Modern technology uses a wide range of elements from the periodic table. See Fig. 9.1.4

 

That’s not everything that goes into a tablet computer. But to make just those components we need a pure-silica sand deposit, a salt mine for sodium, a rock quarry for calcium, an oil well, a gas well, an aluminum mine, an iron mine, a manganese mine, a copper-molybdenum-gold mine, a cobalt-nickel mine, a rare-earth element and indium mine, and a source of energy to transport all the materials, process them, put them together, and finally transport the computer to your house or the store where you bought it [3]. Production of resources has markedly increased to meet the demand that our modern lives create. Figure 9.1.3 shows the resources that every American born will need in the average lifetime.

For 2020, every American born will need 3.19 million pounds of geological resources.
Fig. 9.1.3. This graphic shows examples of the 3.19 million pounds of minerals, metals, and fuels the average American will need in their lifetime. Calculations are based on a life expectancy of 77.3 years and mineral use data from the National Mining Association, the U.S. Geological Survey and the U.S. Energy Information Administration. Data from 2020.

 

Image showing the elements that go into important technology applications
Fig 9.1.4 Main elements in modern technology, some examples.
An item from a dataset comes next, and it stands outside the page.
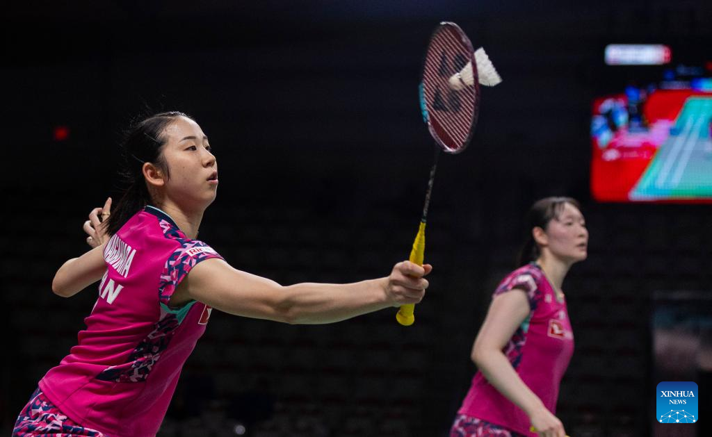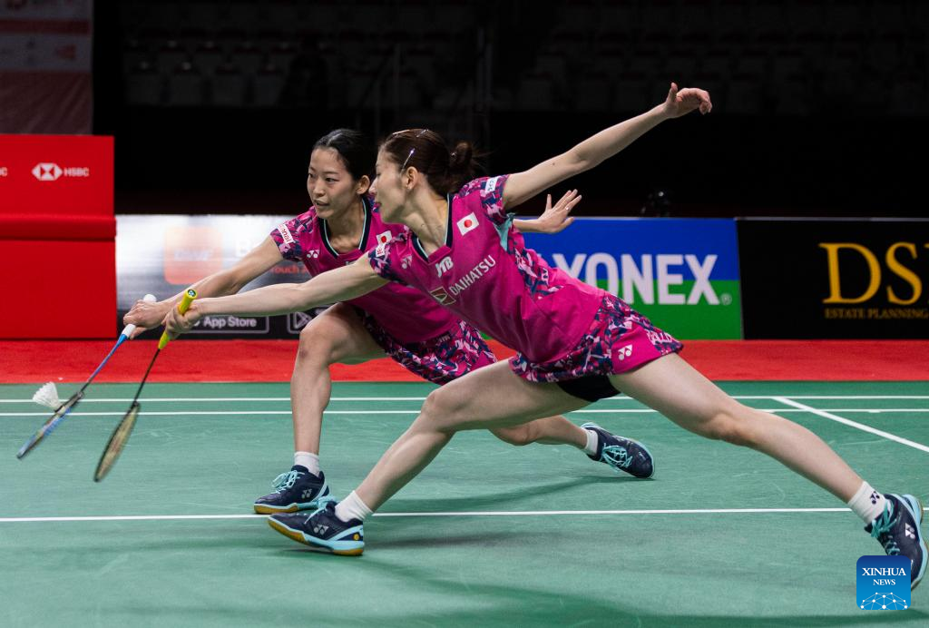 Matsuyama Nami (back)/Shida Chiharu of Japan compete during the semifinals of women's doubles match between Matsuyama Nami/Shida Chiharu of Japan and Fukushima Yuki/Hirota Sayaka of Japan at the 2023 Canada Open in Calgary, Canada, on July 8, 2023. (Photo by Zou Zheng/Xinhua)
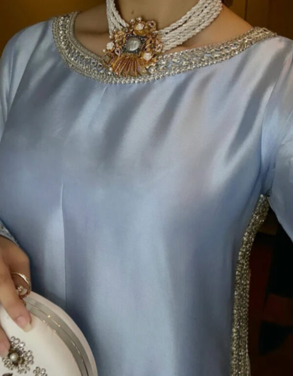 Kurta A vision in serenity, the kurta of the Icy Elegance Ensemble is crafted from luxe raw silk, featuring a straight silhouette that exudes understated sophistication. The neckline and panels are adorned with handcrafted delicate embellishments, lending a subtle sparkle. Inside, a soft butter silk lining ensures all-day comfort while enhancing the fall of the fabric. Designed to radiate effortless grace, this kurta captures timeless charm in every stitch. Pant Paired with sleek, straight-cut raw silk trousers, the ensemble maintains its minimal yet polished aesthetic. The trousers are tailored for a clean finish, perfectly balancing the kurta’s embellishments with refined simplicity. Shipping Info Your Icy Elegance Ensemble will be shipped within 3 to 8 business days. Each piece is carefully packed to preserve its intricate detailing and pristine condition. Care Dry clean only. Due to the delicate nature of the embellishments and fine fabrics, handle with care to maintain the garment’s original beauty. Note on Color Variation This ensemble is made using artisanal techniques. Slight variations in color and detailing are natural and reflect the individuality of each handcrafted piece.

Source: D. Londoño, CC-BY.
Exercise 9.1 Where does it come from?
Ballpoint-pen-parts
Figure 9.1.5. Parts of a ball pen. Source: Pavel, K. Wikimedia Commons.

Look around you and find at least five objects (other than a computer or a phone) that have been made from materials that were mined, quarried, or extracted from an oil or gas well. Try to identify the materials involved and think about where they might have come from. This pen is just an example.